While overall housing outcomes generally reflect trends towards more favourable housing, experiences of homelessness, particularly rough sleeping, were more common for clients with problematic drug and/or alcohol use both at the start and end of SHS support compared with other client groups.

For people with problematic drug and/or alcohol use in 2021–22, over half (59% or 7,900 clients) were experiencing homelessness at the start of support; nearly 2,300 (17%) had no shelter or were in an improvised/inadequate dwelling. By the end of support, 51% of clients were housed (Supplementary table SUB.3).

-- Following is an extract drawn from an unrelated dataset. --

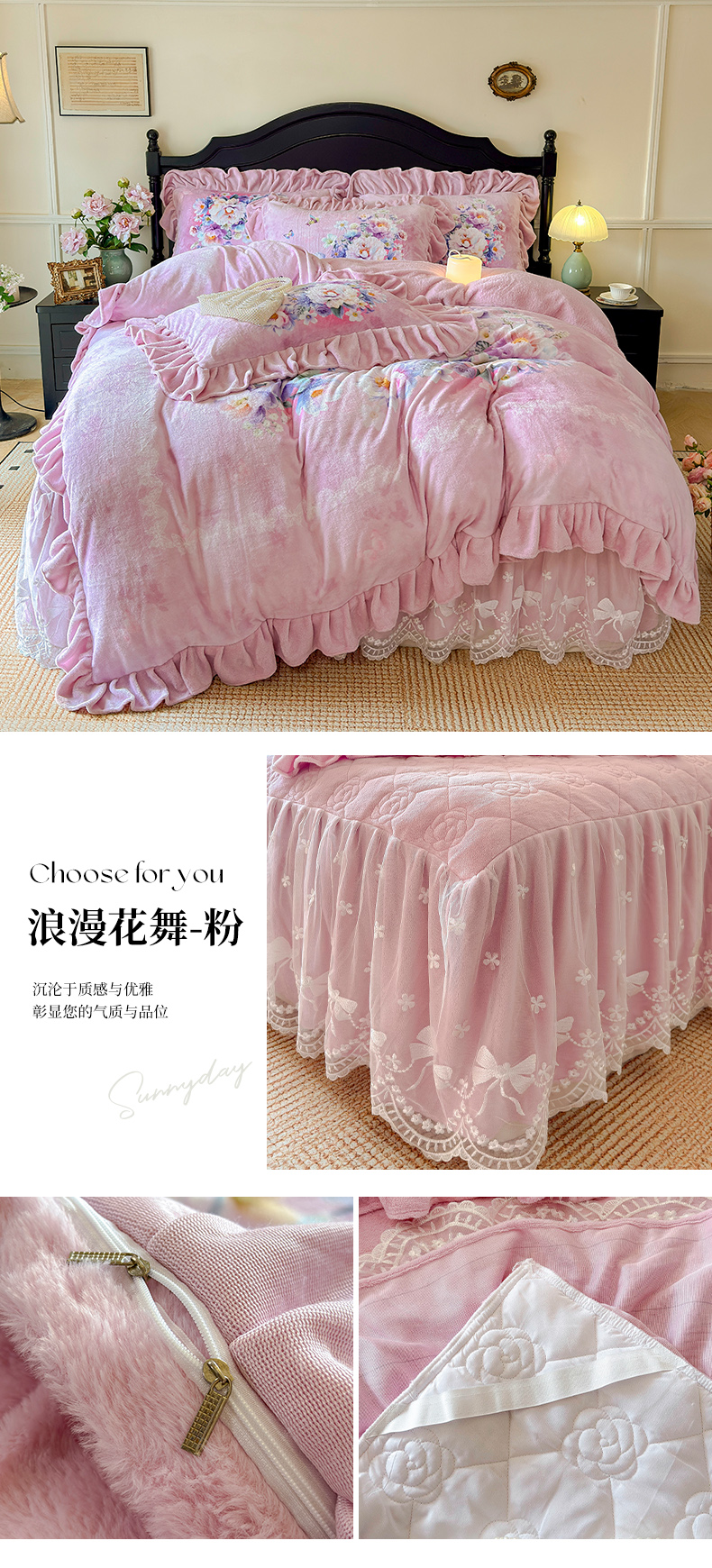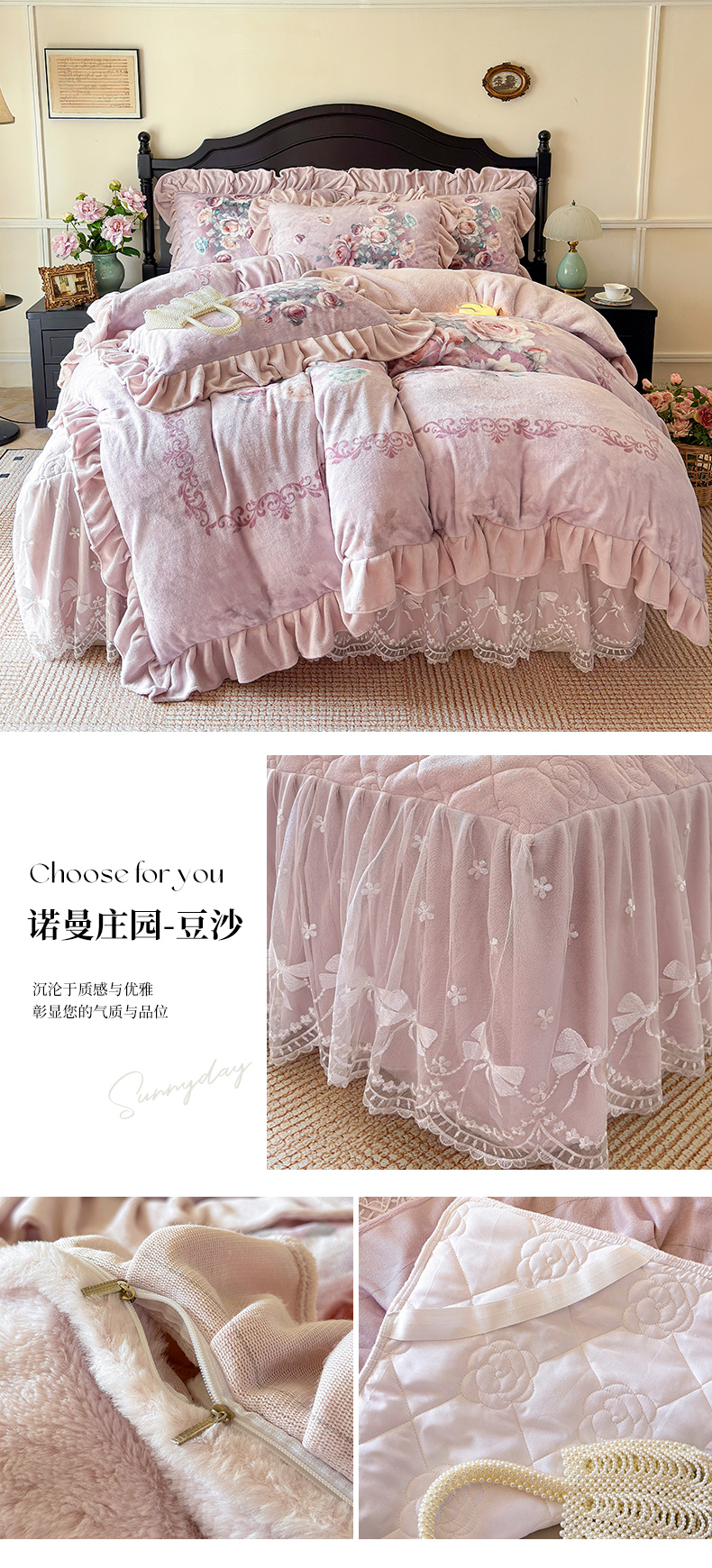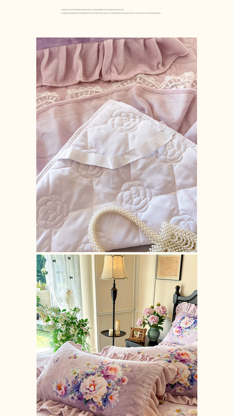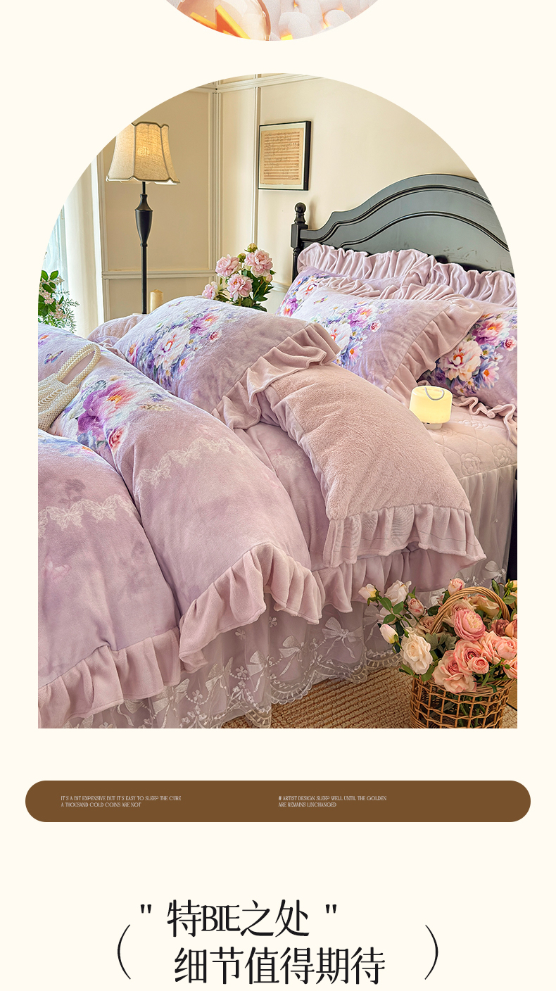 (总)宜凡家纺 2025新款兔绒提花牛奶绒夹棉床裙四件套,爱心 少女粉,爱心 粉紫,爱心 驼色,蝶舞 大红,蝶舞 米色,蝶舞 浅紫,蝶舞 玉色,简爱 苍青,简爱 豆沙紫,简爱 玉色,樱桃 苍青,樱桃 豆沙紫,樱桃 奶油白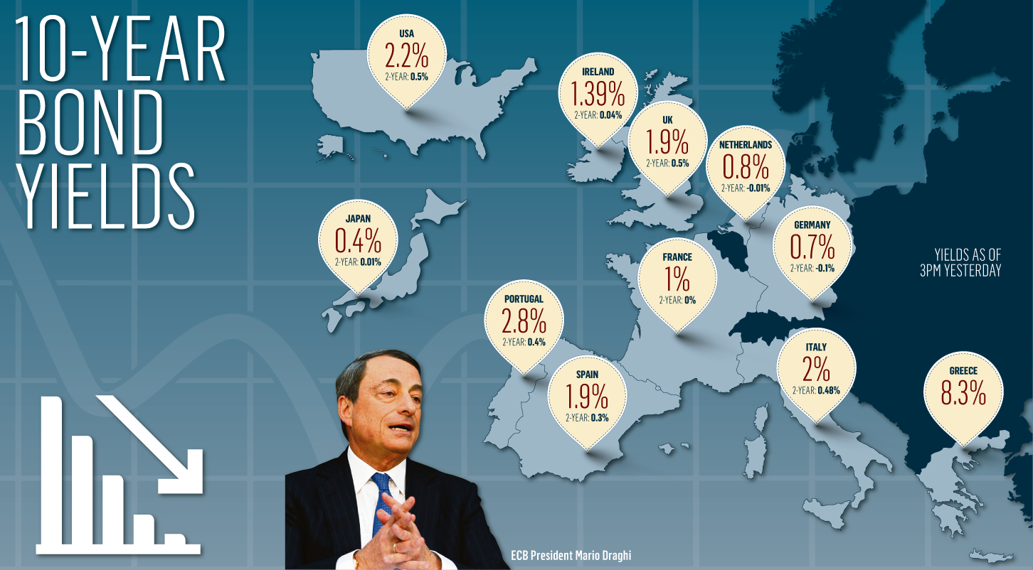Here's a map that simplifies the bad state of affairs as far as 10-year bonds are concerned

Figure SUB.4: Housing situation for clients with problematic drug or alcohol issues with closed support, 2021–22

This interactive Sankey diagram shows the housing situation (including rough sleeping, couch surfing, short term accommodation, public/community housing, private housing and Institutional settings) of clients with problematic drug and/or alcohol use with closed support periods at first presentation and at the end of support. The diagram shows clients’ housing situation journey from start to end of support. Most started and ended support experiencing homelessness, in short term accommodation.